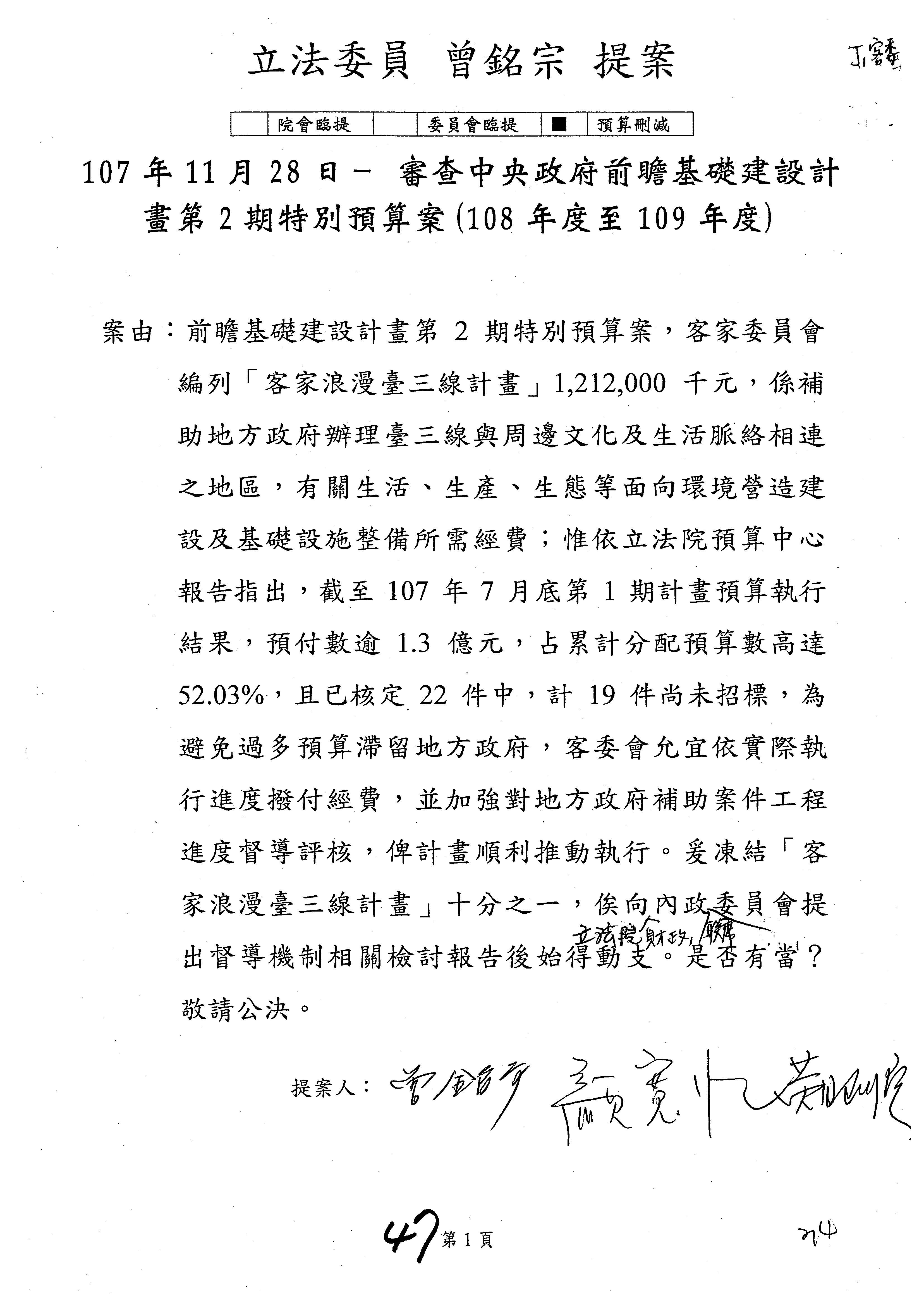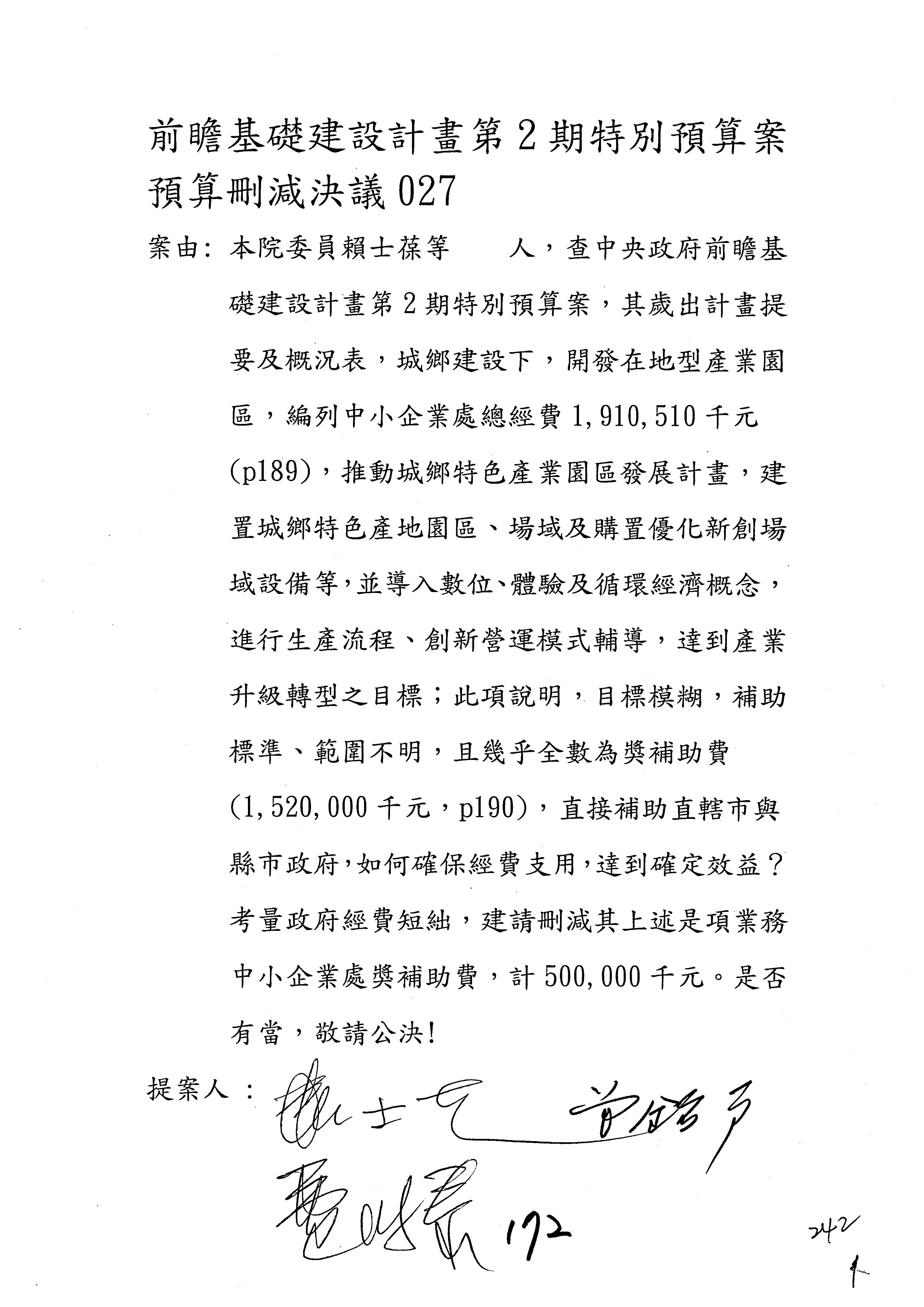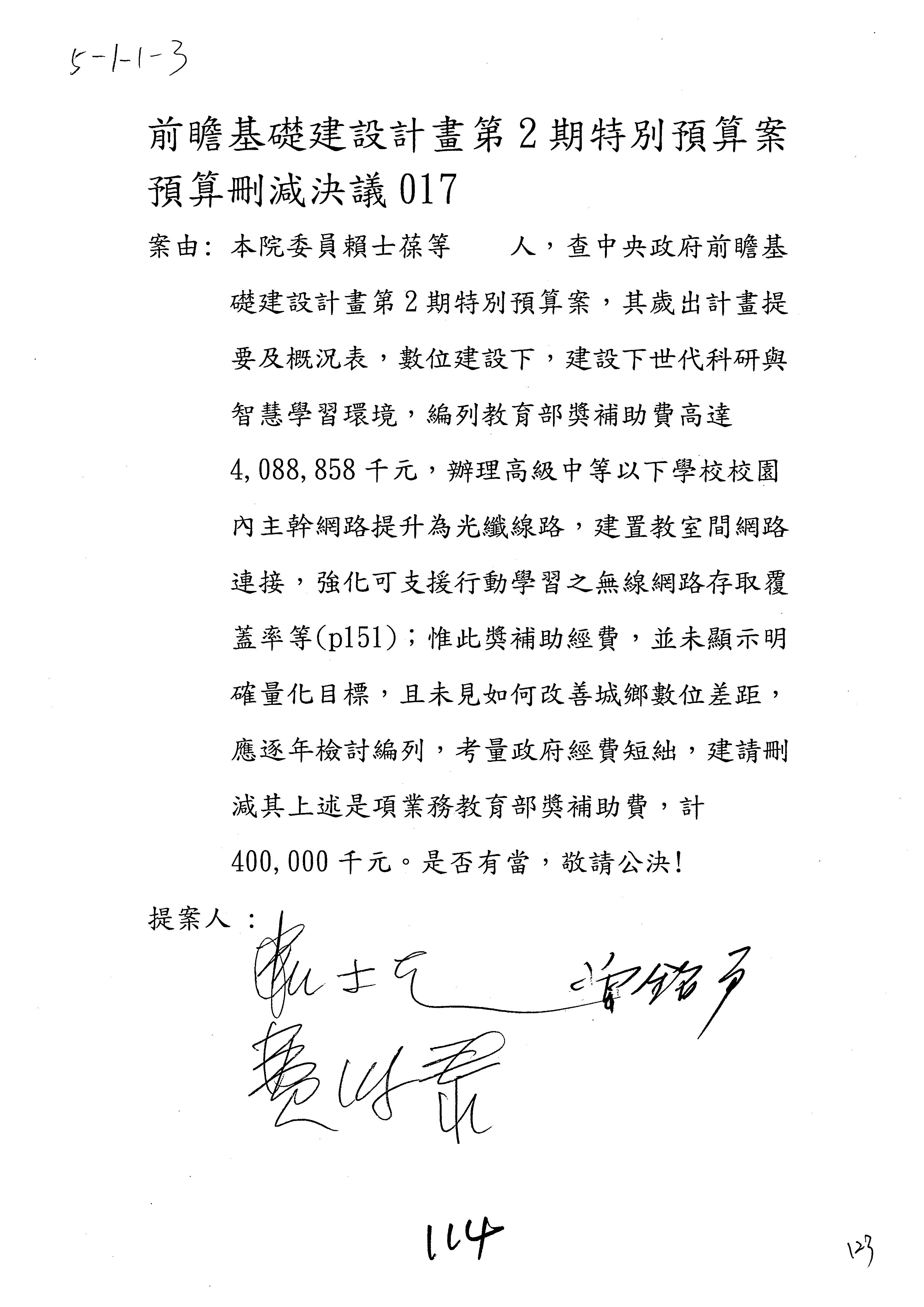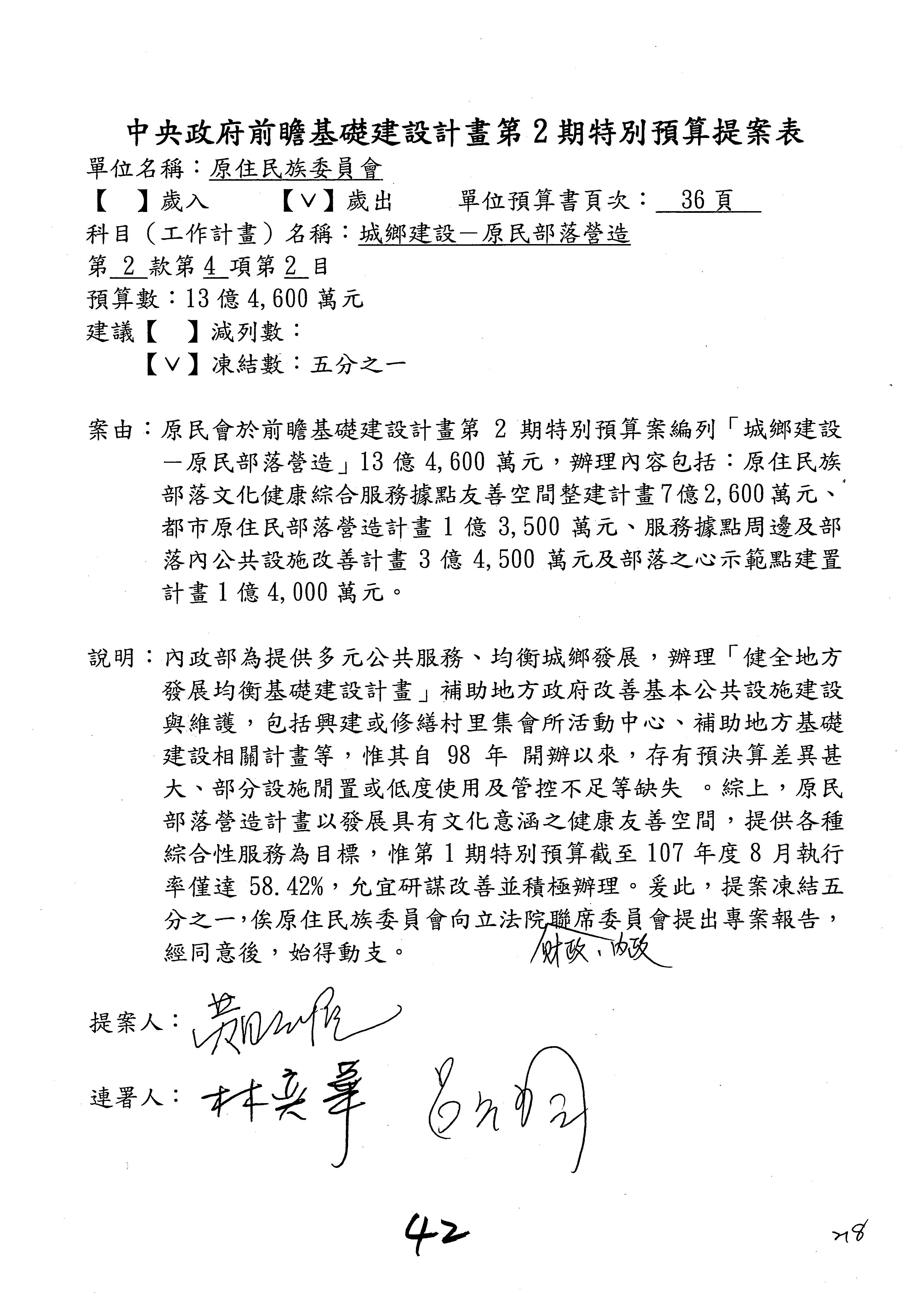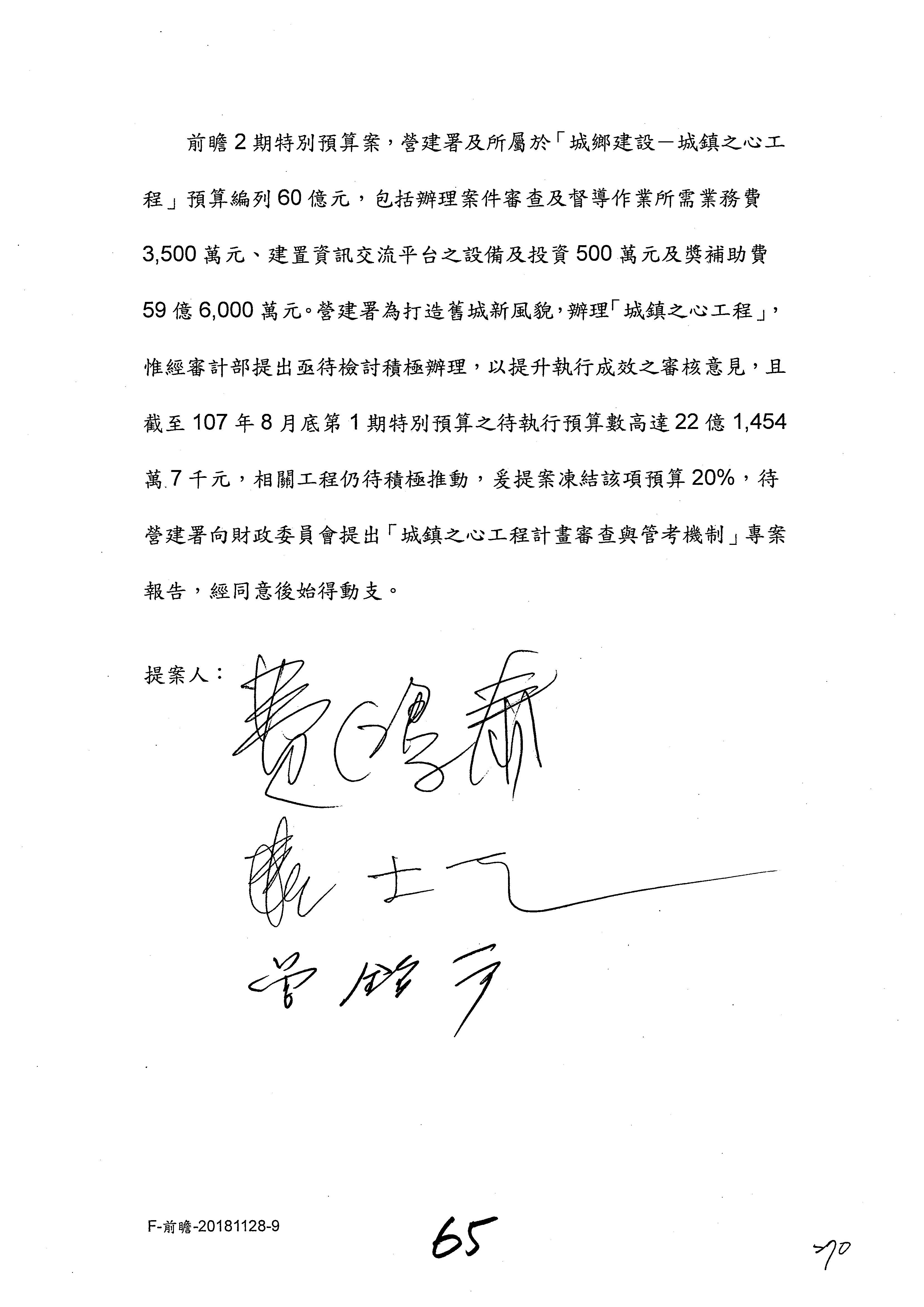 第174案刪減1億1,150萬6,000元,科目自行調整。第175案刪減3,000萬元,科目自行調整。
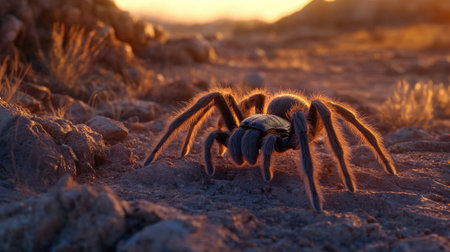 This image captures a detailed close-up of a tarantula spider crawling over rocky terrain during a stunning sunset, showcasing nature's raw beauty.
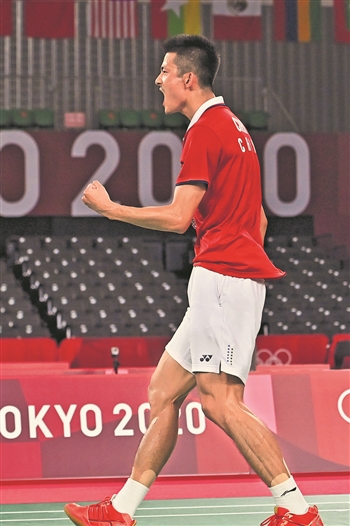 7月29日,东京奥运会羽毛球男子单打比赛中,中国选手谌龙以2比1逆转战胜马来西亚选手李梓嘉,艰难晋级8强。新华社记者 朱峥 摄
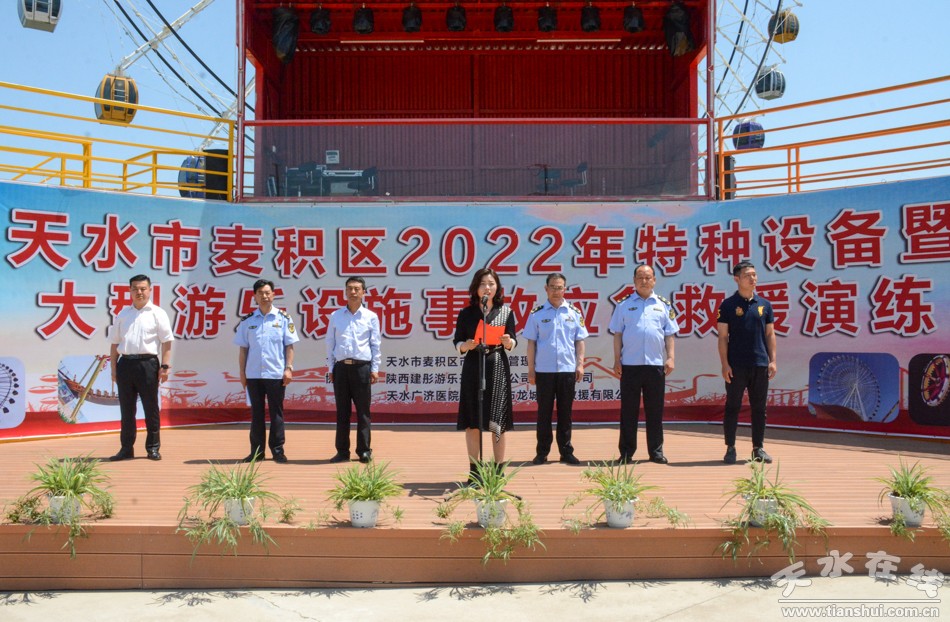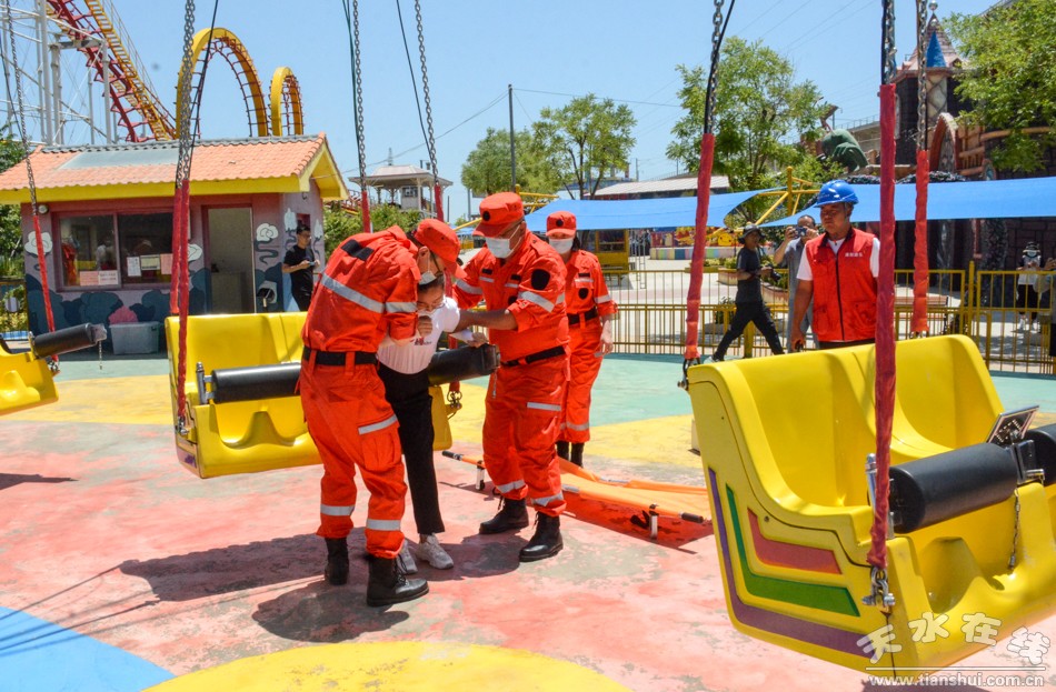 6月16日,麦积区市场监督管理局在麦积区爱马欢乐世界开展大型游乐设施突发事故应急救援演练。本次演练模拟因游乐设施出现设备故障,需启动紧急救援预案,对“被困游客”展开救援行动。
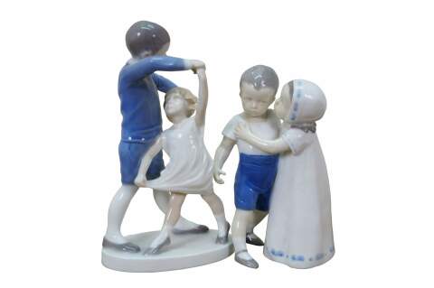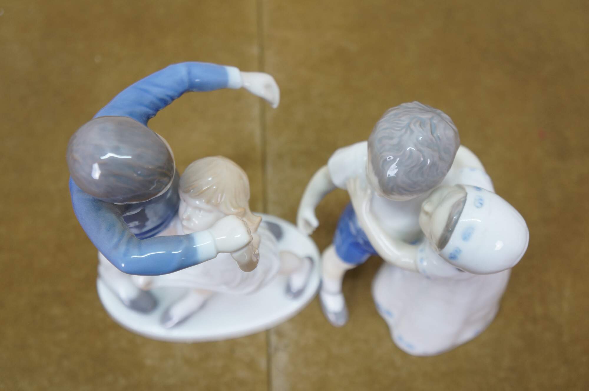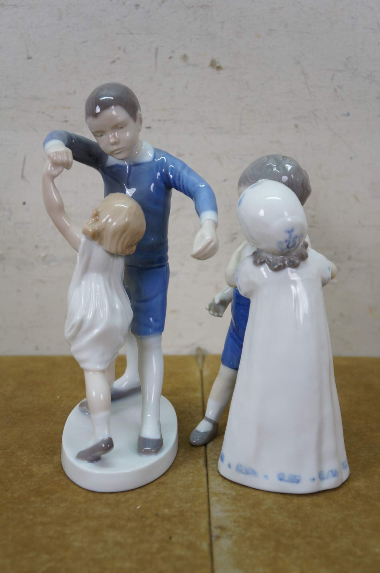 Vintage Bing & Grøndahl porcelain figurines, Dancing School or Dancing Children 1845 & Love Refused or Love Scorned 1614. Both created by Danish artist Ingeborg Plockross Irminger.
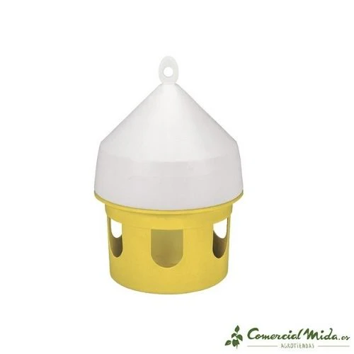 El comedero de plástico para palomas es de color amarillo, aportando mayor vitalidad al espacio. Su capacidad es de 5 L por lo que una vez lleno podrás despreocuparte de volver a administrar comida en unos días.
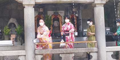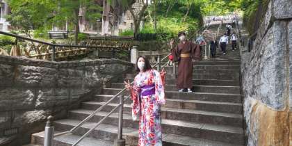 舞台の横を見ながら歩くグループが1つ。音羽の滝に1グループが、立ち寄りました。買い物を終え、クラフトセンターへ着物を返しに行きます。
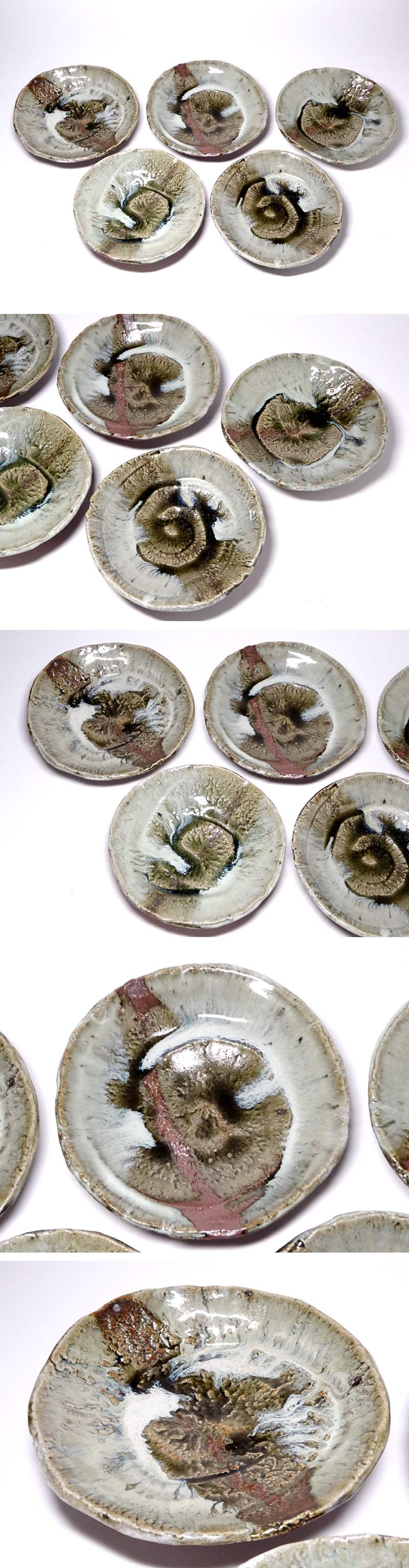- 慶應◆三越個展出品作!【西端正】秀逸作 灰釉掛分皿 五客揃 共箱付 現代丹波焼の代表格

Brief → Pictures must be left out. Return verbatim only the lines from the line with "This image captures" through the final line of the material above, including both ends.

Answer space →
 This image captures a detailed close-up of a tarantula spider crawling over rocky terrain during a stunning sunset, showcasing nature's raw beauty.
 7月29日,东京奥运会羽毛球男子单打比赛中,中国选手谌龙以2比1逆转战胜马来西亚选手李梓嘉,艰难晋级8强。新华社记者 朱峥 摄
 6月16日,麦积区市场监督管理局在麦积区爱马欢乐世界开展大型游乐设施突发事故应急救援演练。本次演练模拟因游乐设施出现设备故障,需启动紧急救援预案,对“被困游客”展开救援行动。
 Vintage Bing & Grøndahl porcelain figurines, Dancing School or Dancing Children 1845 & Love Refused or Love Scorned 1614. Both created by Danish artist Ingeborg Plockross Irminger.
 El comedero de plástico para palomas es de color amarillo, aportando mayor vitalidad al espacio. Su capacidad es de 5 L por lo que una vez lleno podrás despreocuparte de volver a administrar comida en unos días.
 舞台の横を見ながら歩くグループが1つ。音羽の滝に1グループが、立ち寄りました。買い物を終え、クラフトセンターへ着物を返しに行きます。
- 慶應◆三越個展出品作!【西端正】秀逸作 灰釉掛分皿 五客揃 共箱付 現代丹波焼の代表格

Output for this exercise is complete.